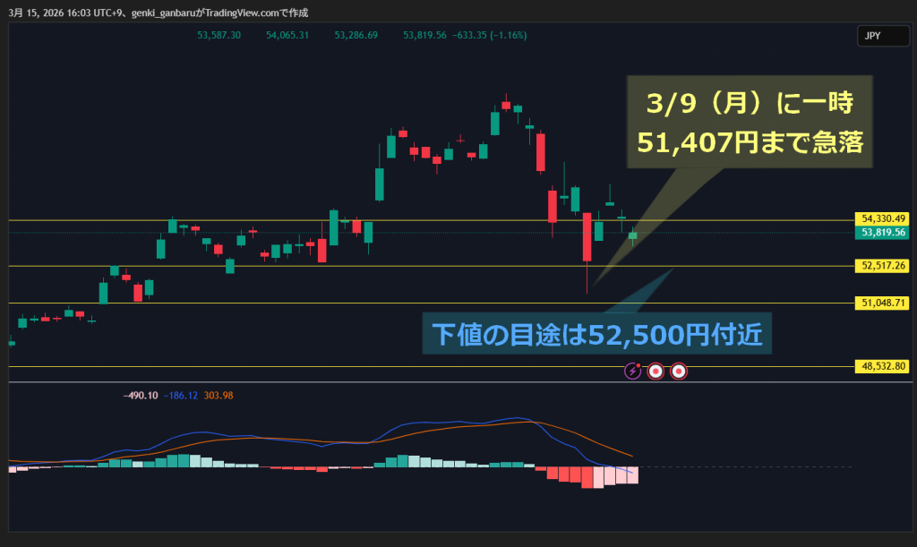 当面の日経平均株価の下値の目途は52,500円付近になると想定している(↑のチャート参照)。
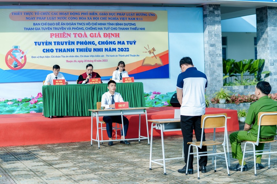 ĐTN: Thiết thực hưởng ứng Ngày pháp luật Việt Nam 09/11, sáng 30/10, tại Trường THPT Lý Thái Tổ, TP. Thuận An, Ban Chỉ đạo Đề án Đoàn TNCS Hồ Chí Minh tỉnh Bình Dương tham gia tuyên truyền và phòng, chống ma túy tổ chức phiên toà giả định tuyên truyền phòng, chống ma tuý cho hơn 1.800 đoàn viên, học sinh trên địa bàn.
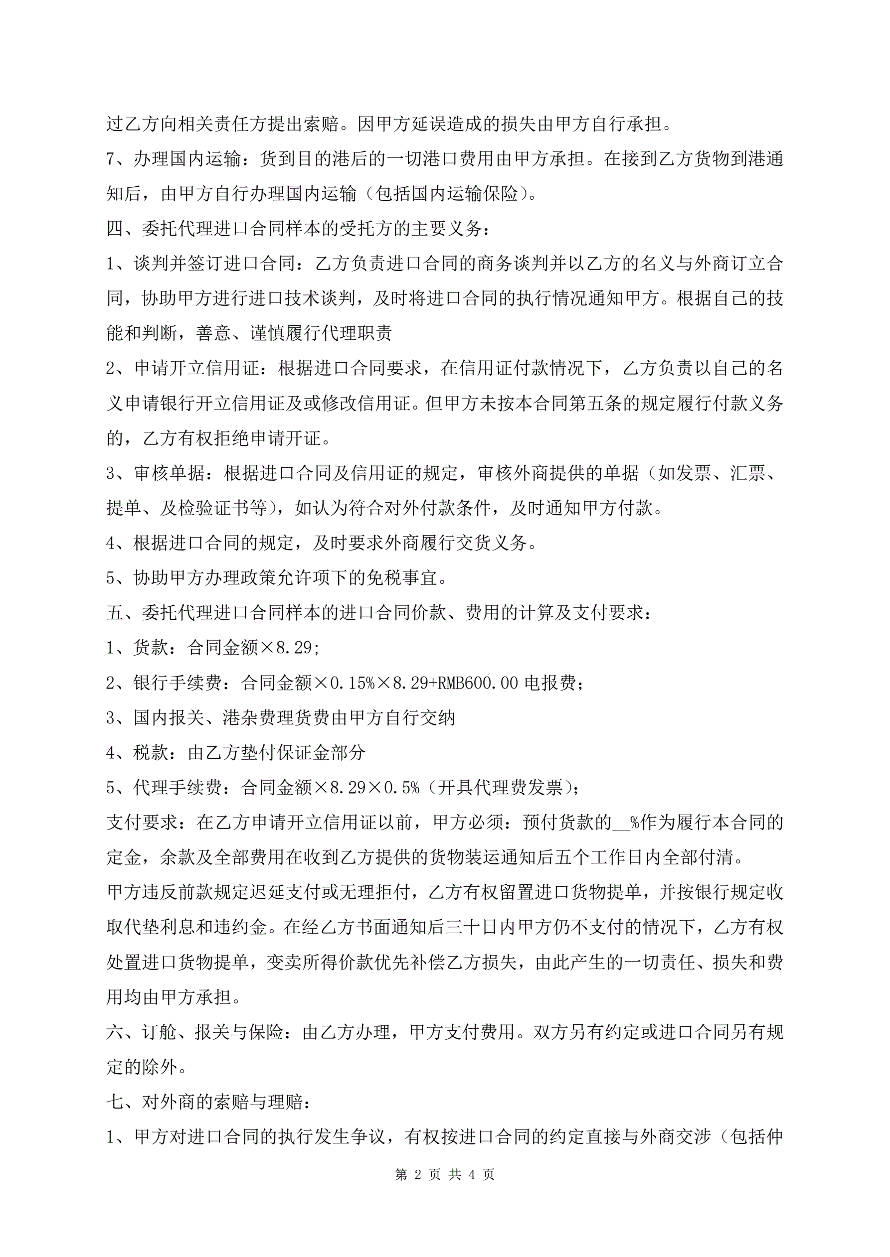 >进口合同标准版
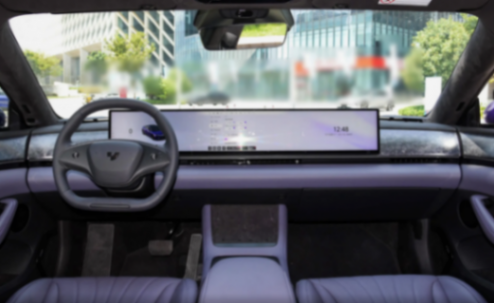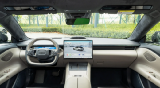 而極越07的智能座艙氛圍就比較明顯了,中控臺(tái)搭載35.6英寸中置貫穿曲面連屏,第一眼的視覺(jué)沖擊力就比較強(qiáng),在功能上,因?yàn)樾萝?chē)加入了全新端到端感知大模型,無(wú)論是影音娛樂(lè)體驗(yàn)感還是智駕能力都有很大提升。可以選裝的U型方向盤(pán)的設(shè)計(jì)是一大亮點(diǎn),和整車(chē)運(yùn)動(dòng)化風(fēng)格相匹配,上方僅保留了圓形滾輪和基礎(chǔ)按鍵,讓人很有駕駛欲望。

> _WHAT THE TASK ASKS_:
Please copy out the whole listing exactly, minus its pictures.

> _RESPONSE TO THIS TASK_:
 当面の日経平均株価の下値の目途は52,500円付近になると想定している(↑のチャート参照)。
 ĐTN: Thiết thực hưởng ứng Ngày pháp luật Việt Nam 09/11, sáng 30/10, tại Trường THPT Lý Thái Tổ, TP. Thuận An, Ban Chỉ đạo Đề án Đoàn TNCS Hồ Chí Minh tỉnh Bình Dương tham gia tuyên truyền và phòng, chống ma túy tổ chức phiên toà giả định tuyên truyền phòng, chống ma tuý cho hơn 1.800 đoàn viên, học sinh trên địa bàn.
 >进口合同标准版
 而極越07的智能座艙氛圍就比較明顯了,中控臺(tái)搭載35.6英寸中置貫穿曲面連屏,第一眼的視覺(jué)沖擊力就比較強(qiáng),在功能上,因?yàn)樾萝?chē)加入了全新端到端感知大模型,無(wú)論是影音娛樂(lè)體驗(yàn)感還是智駕能力都有很大提升。可以選裝的U型方向盤(pán)的設(shè)計(jì)是一大亮點(diǎn),和整車(chē)運(yùn)動(dòng)化風(fēng)格相匹配,上方僅保留了圓形滾輪和基礎(chǔ)按鍵,讓人很有駕駛欲望。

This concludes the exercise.